* What is being asked:
In the data below, begin at the line with "Modern Art Deco" and stop after the line with "Musik überwindet Grenzen: Bewiesen"; output those lines exactly and no pictures.

* The input:
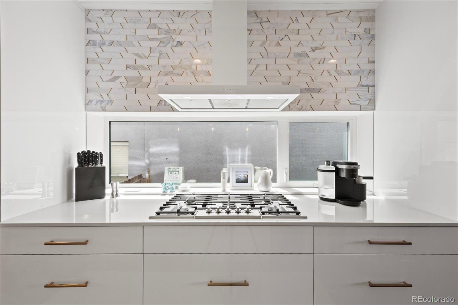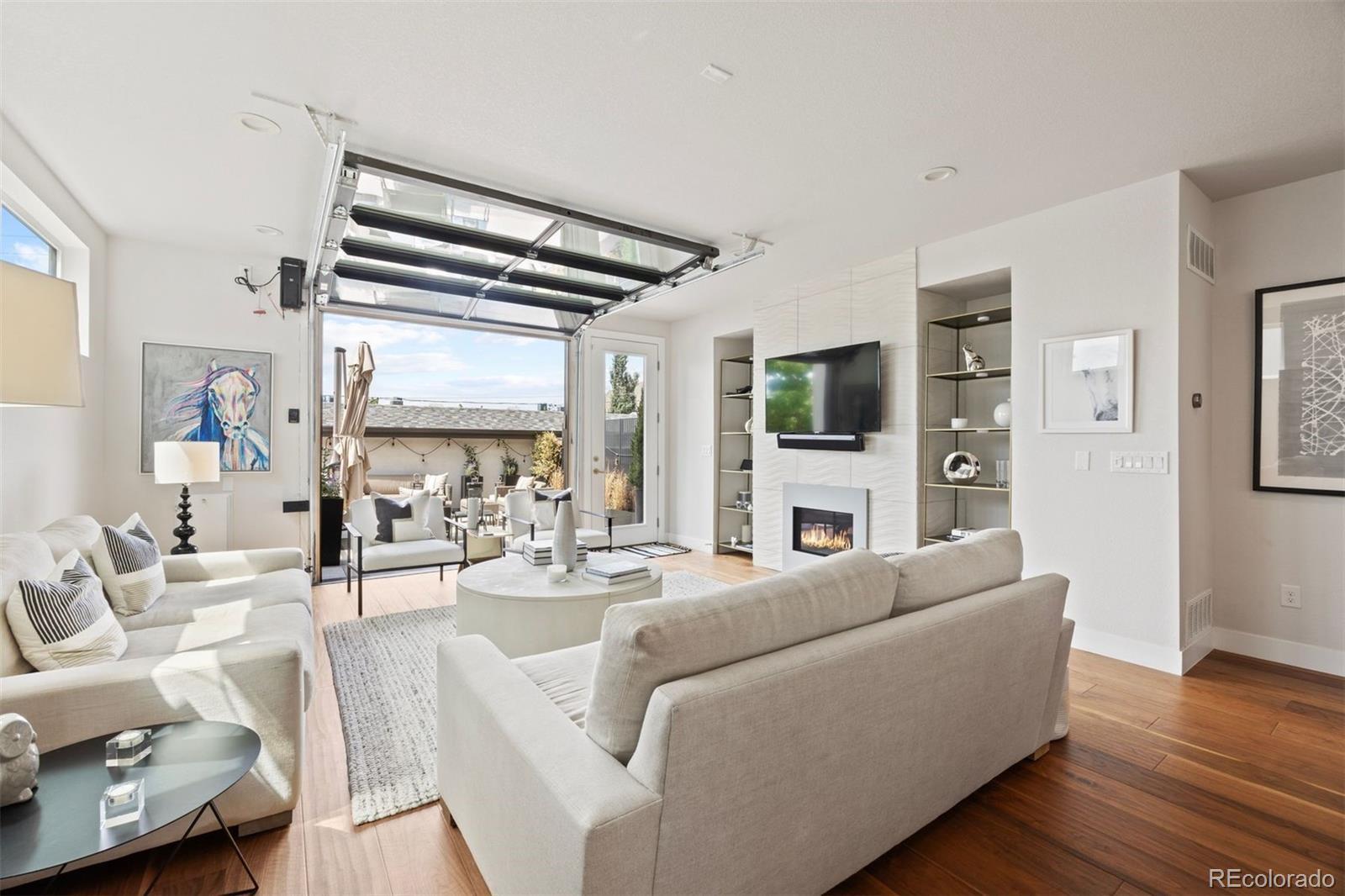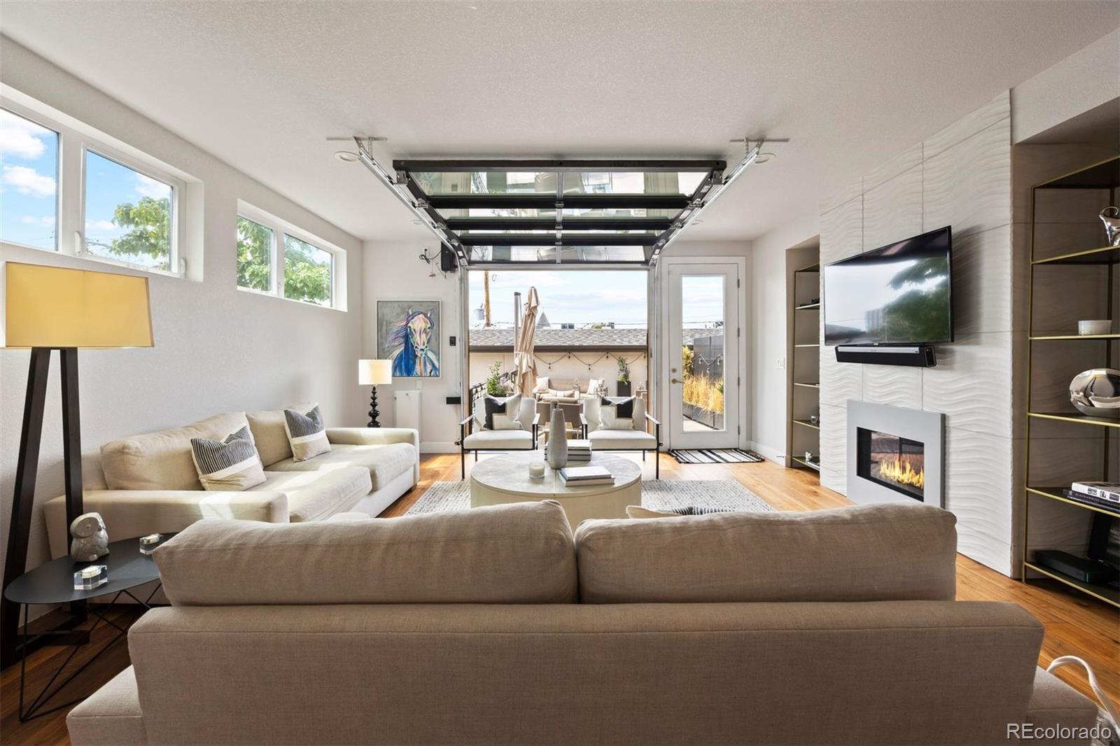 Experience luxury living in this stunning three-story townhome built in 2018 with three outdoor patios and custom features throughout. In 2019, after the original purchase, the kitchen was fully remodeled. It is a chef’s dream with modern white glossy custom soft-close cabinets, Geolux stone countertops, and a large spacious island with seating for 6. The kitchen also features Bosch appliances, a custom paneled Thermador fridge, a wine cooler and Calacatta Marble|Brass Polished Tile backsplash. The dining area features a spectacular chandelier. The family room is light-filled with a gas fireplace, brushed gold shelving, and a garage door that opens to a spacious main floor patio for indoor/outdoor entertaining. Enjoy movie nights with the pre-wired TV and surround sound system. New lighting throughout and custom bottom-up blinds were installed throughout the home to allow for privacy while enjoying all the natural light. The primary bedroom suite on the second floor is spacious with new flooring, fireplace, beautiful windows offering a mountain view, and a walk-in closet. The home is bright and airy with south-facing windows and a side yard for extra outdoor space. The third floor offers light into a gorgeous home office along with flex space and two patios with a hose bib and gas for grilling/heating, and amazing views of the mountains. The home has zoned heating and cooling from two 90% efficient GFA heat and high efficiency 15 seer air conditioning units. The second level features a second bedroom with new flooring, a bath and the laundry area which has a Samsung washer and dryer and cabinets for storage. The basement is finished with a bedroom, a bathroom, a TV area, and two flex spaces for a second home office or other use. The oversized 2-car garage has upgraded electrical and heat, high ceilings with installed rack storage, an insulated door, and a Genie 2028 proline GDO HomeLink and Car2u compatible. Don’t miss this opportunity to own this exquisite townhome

--

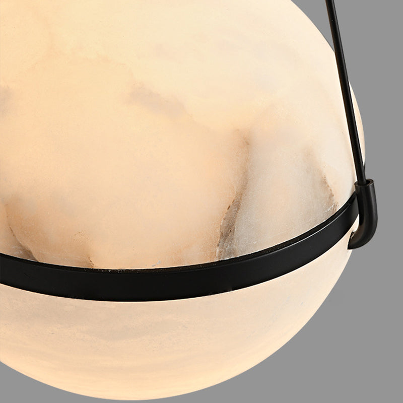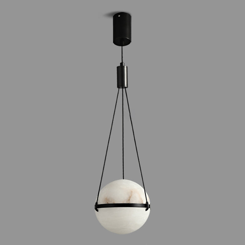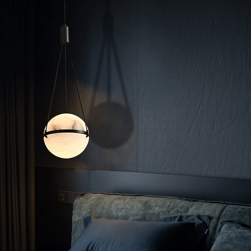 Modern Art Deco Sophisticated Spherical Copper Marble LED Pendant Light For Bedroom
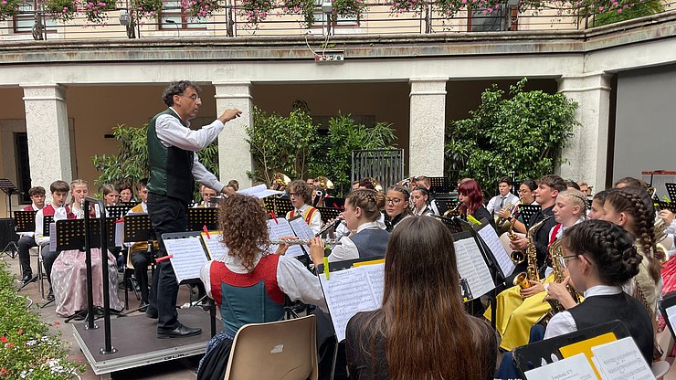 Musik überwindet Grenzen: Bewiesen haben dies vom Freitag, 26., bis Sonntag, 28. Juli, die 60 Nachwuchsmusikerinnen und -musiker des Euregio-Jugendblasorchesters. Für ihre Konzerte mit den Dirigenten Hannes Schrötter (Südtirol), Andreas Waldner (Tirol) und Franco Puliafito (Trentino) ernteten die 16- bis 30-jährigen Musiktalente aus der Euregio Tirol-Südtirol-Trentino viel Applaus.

* Solution to this exercise:
 Modern Art Deco Sophisticated Spherical Copper Marble LED Pendant Light For Bedroom
 Musik überwindet Grenzen: Bewiesen haben dies vom Freitag, 26., bis Sonntag, 28. Juli, die 60 Nachwuchsmusikerinnen und -musiker des Euregio-Jugendblasorchesters. Für ihre Konzerte mit den Dirigenten Hannes Schrötter (Südtirol), Andreas Waldner (Tirol) und Franco Puliafito (Trentino) ernteten die 16- bis 30-jährigen Musiktalente aus der Euregio Tirol-Südtirol-Trentino viel Applaus.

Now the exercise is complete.